Exercise: Starting at the top of the records below, write out each line exactly as it stands, stopping after the line with "Für 2021 kämpfen"; exclude the pictures.

Extracted information:
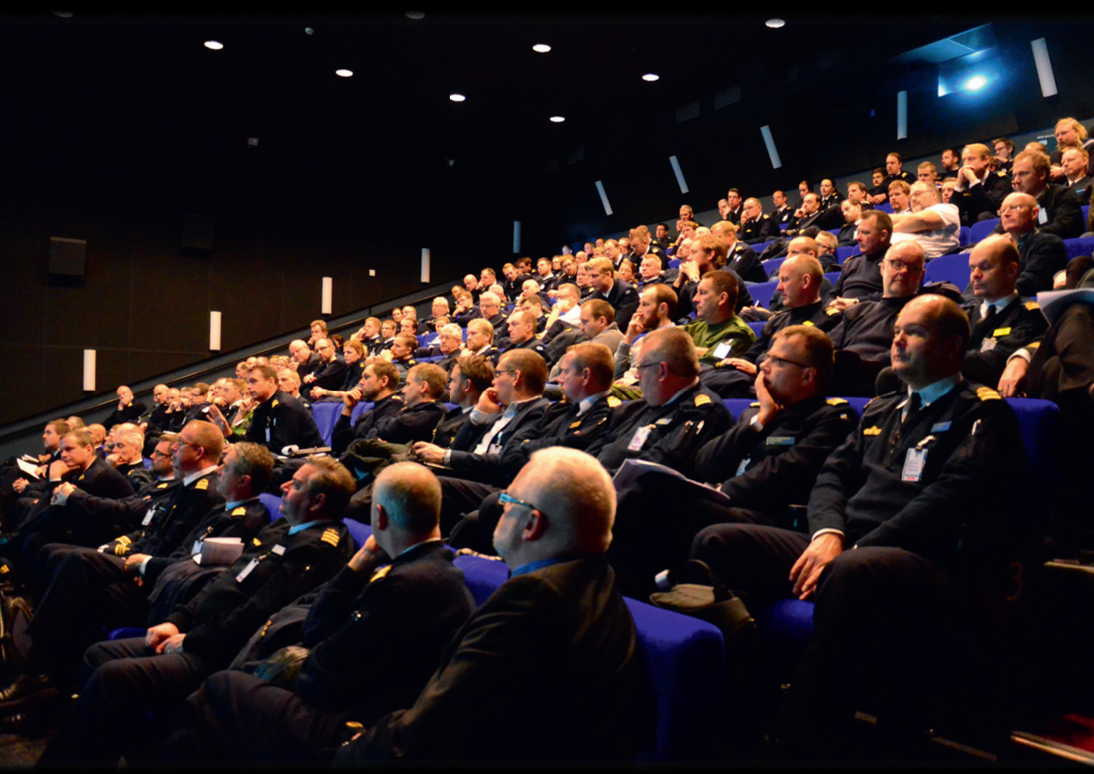
En fylld biografialong deltagare i logistikspåret.

TIFF valde att följa spåret logistik under dag två. I detta spår var det cirka 195 personer som fyllde den biografialong som användes.
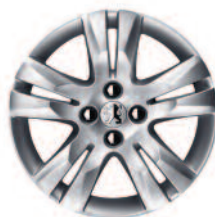
Jante 17" QUARK
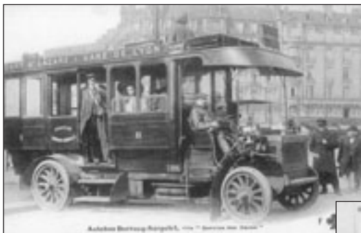
Lot n° 421
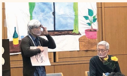
▲講座で熱演するMIKANメンバー。寸劇で分かりやすいと評判

MIKANでは、団体同士の情報交換を通じたネットワークづくりに取り組んでいます。また、寸劇仕立てで楽しく学べる「認知症サポーター養成講座」を出前で実施。参加者同士の交流も生まれています。こうした横のつながりを広げながら、認知症になっても安心して暮らせるまちにしていきたいです。
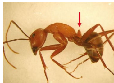
非火蟻之其它亞科螞蟻
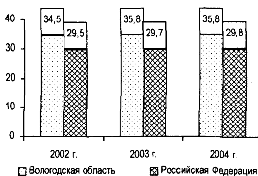
Рис. 1. Всего родившихся у женщин вне зарегистрированного брака (% от общего числа родившихся)
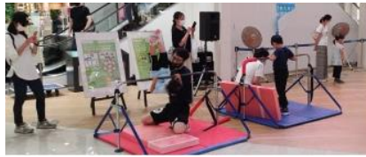
お子さまの成長のために、運動機会と 「できた！」のご提供
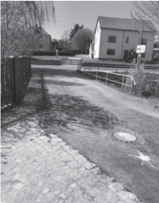
Steffi Marmodée SB Bauangelegenheiten/ Stellv. Verwaltungsstellenleiterin

Für 2021 kämpfen wir um einen Deckentausch im Bereich Hauptstraße 33-37. Die Mittel stehen bereit, doch die Vergabe bereitet noch große Probleme.
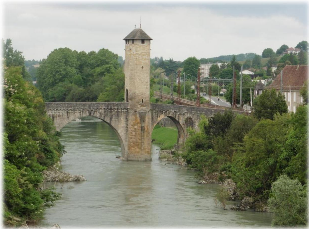
De versterkte oude brug uit de 13 de eeuw, over de Gave de Pau werden in augustus 1569 de aanvallende Hugenoten tegengehouden.
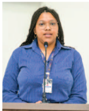
1ª princesa do município enalteceu a estrutura do evento

A festa terá atrações culturais e artísticas, exposição de orquídeas, artesanato local e praça de alimentação. No domingo também haverá exposição de carros antigos. Nos 2 dias, várias atrações musicais sobem ao palco. A programação completa pode ser conferida na página @fazenda_vilanova30anos.
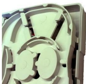
Gniazdo abonenckie serii CTB2-A /wyróżniony zatrzask blokujący/
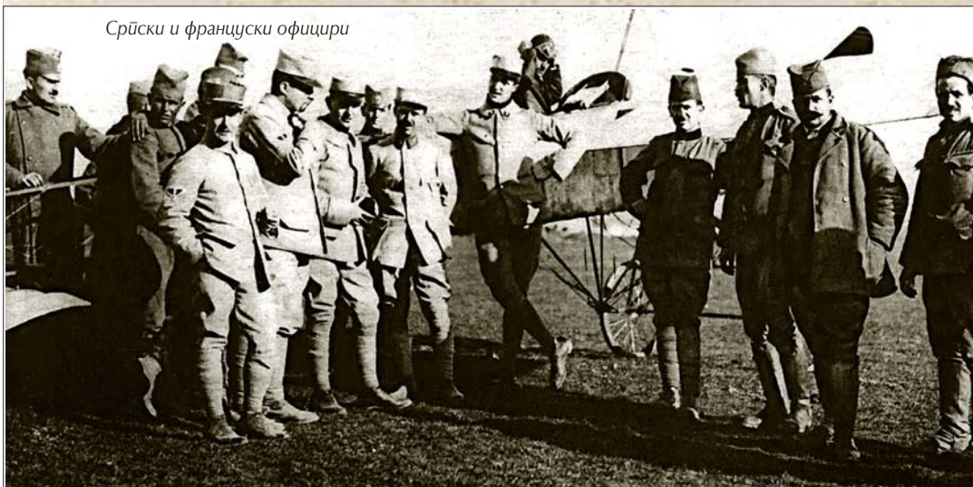
Српски и француски официри

Приликом уласка у Београд 1. новембра 1918. српска војска, коњица, Седми пешадијски пук и артиљерија, носили су француску плаву и „каки“ униформу и шлемове. Међутим, официри су највећим делом и даље имали униформу израђену по ранијем српском кроју, а сасвим мали број носио је француске или какве друге. Из Првог светског рата српска војска изашла је у много чему измењена. Иако ће се у новој епохи ослонац неизоставно тражити и у другачијим узорима, претходни облици одела као синоним „успешног оружја“ и „победничке војске“ биће основа будућем униформисању. ■
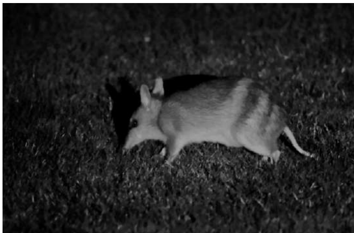
Eastern Barred Bandicoot.

Efter middagen åkte vi ut på ännu en tur i mörkret – denna gång för att leta efter den sällsynta Eastern Barred Bandicoot. Vi hittade minst sju stycken av det lilla randiga pungdjuret. Vilken däggdjurslista som vi har fått på denna resa!
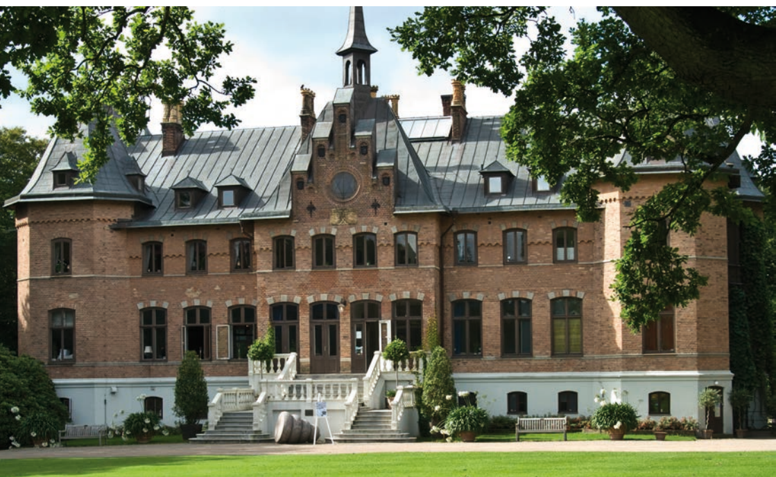
Sofiero Slot.

Nærmere oplysninger om dato, tidspunkt, kørsel og evt. frokost meddeles senere.
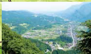
旧中山道途中、剋石山(剋)からの坂本宿
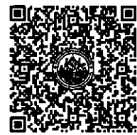
QR-Code เพื่อสมัครอบรม

ชำระเงินโดยวิธีการโอนเงินเข้าบัญชีออมทรัพย์
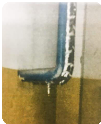
Мон хаус ХХК-н 40-р байр тоолуурын өмнө сосонк гаргасан байдал

108 хэрэглэгчийн 440 узель инженерийн шугам сүлжээнд хяналт шалгалт зоион байгуулсан.

Expected answer:
En fylld biografialong deltagare i logistikspåret.

TIFF valde att följa spåret logistik under dag två. I detta spår var det cirka 195 personer som fyllde den biografialong som användes.
Jante 17" QUARK
Lot n° 421
▲講座で熱演するMIKANメンバー。寸劇で分かりやすいと評判

MIKANでは、団体同士の情報交換を通じたネットワークづくりに取り組んでいます。また、寸劇仕立てで楽しく学べる「認知症サポーター養成講座」を出前で実施。参加者同士の交流も生まれています。こうした横のつながりを広げながら、認知症になっても安心して暮らせるまちにしていきたいです。
非火蟻之其它亞科螞蟻
Рис. 1. Всего родившихся у женщин вне зарегистрированного брака (% от общего числа родившихся)
お子さまの成長のために、運動機会と 「できた！」のご提供
Steffi Marmodée SB Bauangelegenheiten/ Stellv. Verwaltungsstellenleiterin

Für 2021 kämpfen wir um einen Deckentausch im Bereich Hauptstraße 33-37. Die Mittel stehen bereit, doch die Vergabe bereitet noch große Probleme.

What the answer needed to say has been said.